Specimen examined: Mosan reservoir, Hampyeong-gun, Jeollanam-do, Korea, 35°10'10.16''N, 126°36'7.38''E, 2021.4.7., isolated from the digestive tract of P. clarkii, strain NIE34005, KCTC no. 56818, GenBank no. OK067366 (ITS) and OK067367 (large subunit [LSU]).
Note: A total of five species of the genus Galactomyces have been reported so far. Mainly Galactomyces spp. isolated from soil have been reported. This G. pseudocandidus was the first to be isolated from the stomach of elk (Rucervus eldii Thomas) in Europe [2]. In this study, as G. pseudocandidus was isolated from American crayfish, it is thought that the fungus present in the soil might move to the intestine during the feeding process of animals. The nucleotide sequence from the ITS1 to the D2 region of 28S ribosomal DNA was analyzed and used for the molecular identification of G. pseudocandidus (ITS, KY1034589.1; LSU, MZ412711.1), and each sequence showed 99% homology with the reference sequence of G. pseudocandidus (Fig. 2). G. pseudocandidus has been found in Austria, England, France, Iraq, Netherlands, New Zealand, South Africa, Switzerland, and Turkey so far. Moreover, it has been reported in various environments, such as beet (Beta vulgaris L.), stomach of elk, bark of beech log (Fagus sylvatica L.), sewage rectification filter, and soil, to date [2]. Through this study, G. pseudocandidus, which has not been found in other regions of Asia, isolated from P. clarkii was reported for the first time. Further studies of G. pseudocandidus are needed on the distribution environment of this fungus and fungal function in the animal intestine from an ecological point of view.

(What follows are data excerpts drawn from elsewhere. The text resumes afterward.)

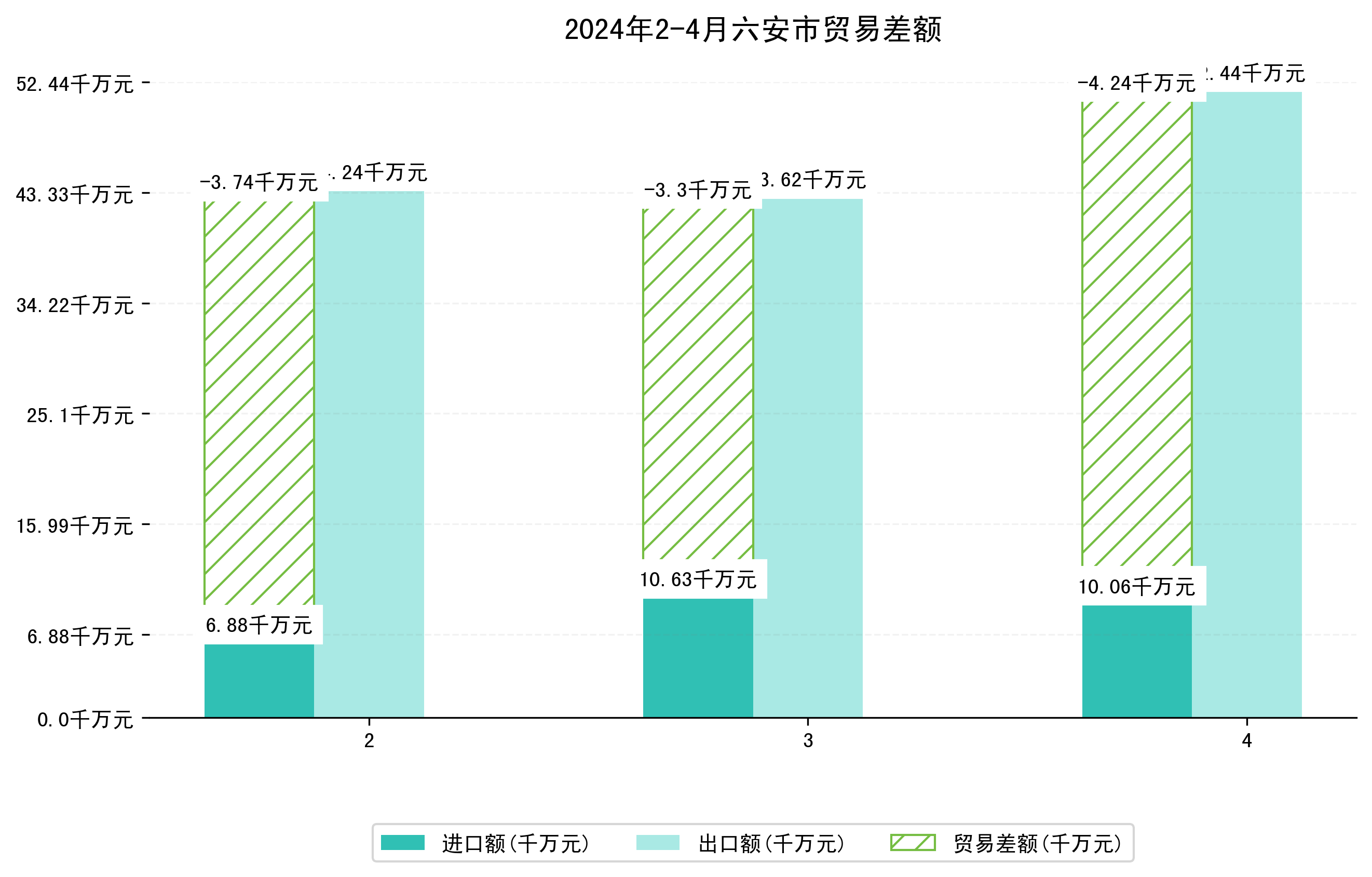 (图四:2024年2-4月六安市贸易差额)
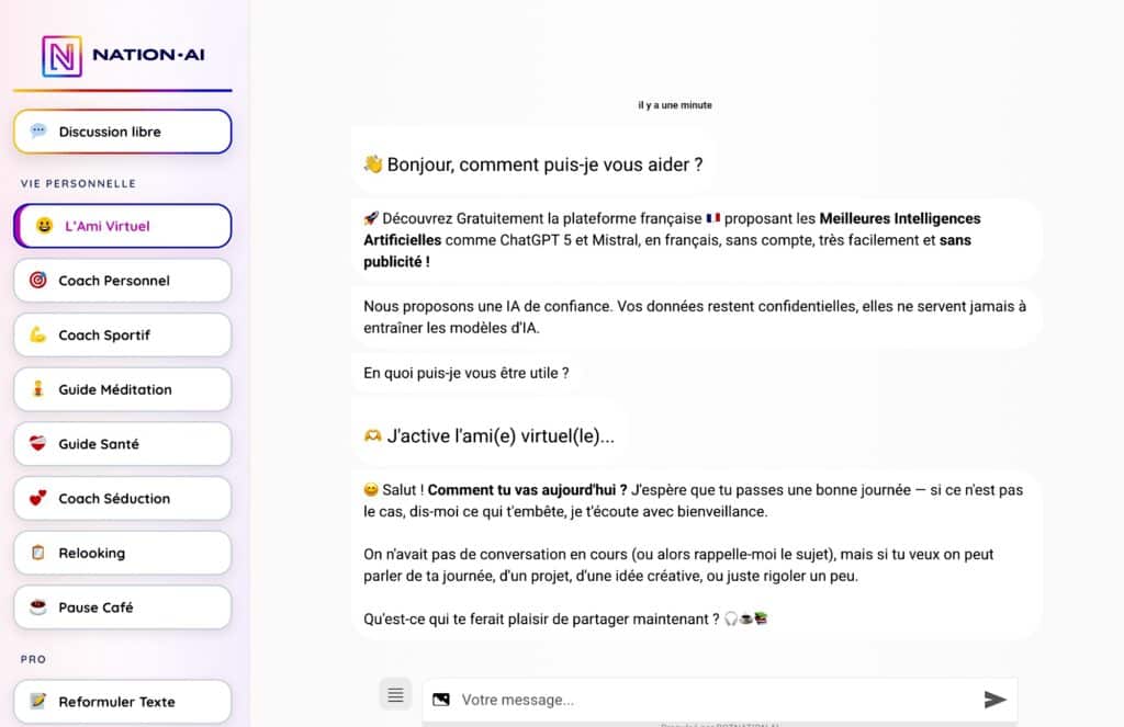 L’un des atouts phares de Nation réside dans la diversité de ses assistants IA spécialisés. Plutôt que de proposer un outil unique multifonction, la plateforme offre des modules ciblés : coach sportif, guide bien-être, correcteur de texte, conseiller administratif, accompagnement juridique ou encore appui aux études. Chacun de ces assistants a été conçu avec le souci d’obtenir des résultats pertinents et adaptés à chaque situation.
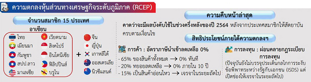 ความตกลงหุ้นส่วนทางเศรษฐกิจระดับภูมิภาค (Regional Comprehensive Economic Partnership : RCEP) กรอบความร่วมมือทางเศรษฐกิจที่ใหญ่ที่สุดในโลกที่ครอบคลุมทั้งมิติการค้าและการลงทุน ไม่ว่าจะเป็นการลดอัตราภาษีนำเข้าและข้อจำกัดทางการค้าอื่น ๆ ระหว่างประเทศสมาชิก ตลอดจนมาตรการส่งเสริมการลงทุนต่าง ๆ อันจะนำมาซึ่งโอกาสทางการค้าและการลงทุนสำหรับผู้ประกอบการไทยในการขยายตลาดสู่เวทีโลกทั้งทางตรงและทางอ้อม

Fig. 2. Phylogenic tree of Galactomyces pseudocandidus NIE34005 isolated from digestive tract of Procambarus clarkii. (A) Internal transcribed spacer (ITS) region, including 5.8Sr ibosomal DNA, and (B) 28S ribosomal DNA were used for the sequence analysis to confirm the topological appropriation of the fungal isolates. Yarrowia lipolytica was used as an out-group, and bootstrap values (>50%) are shown at the branches (1,000 replicates).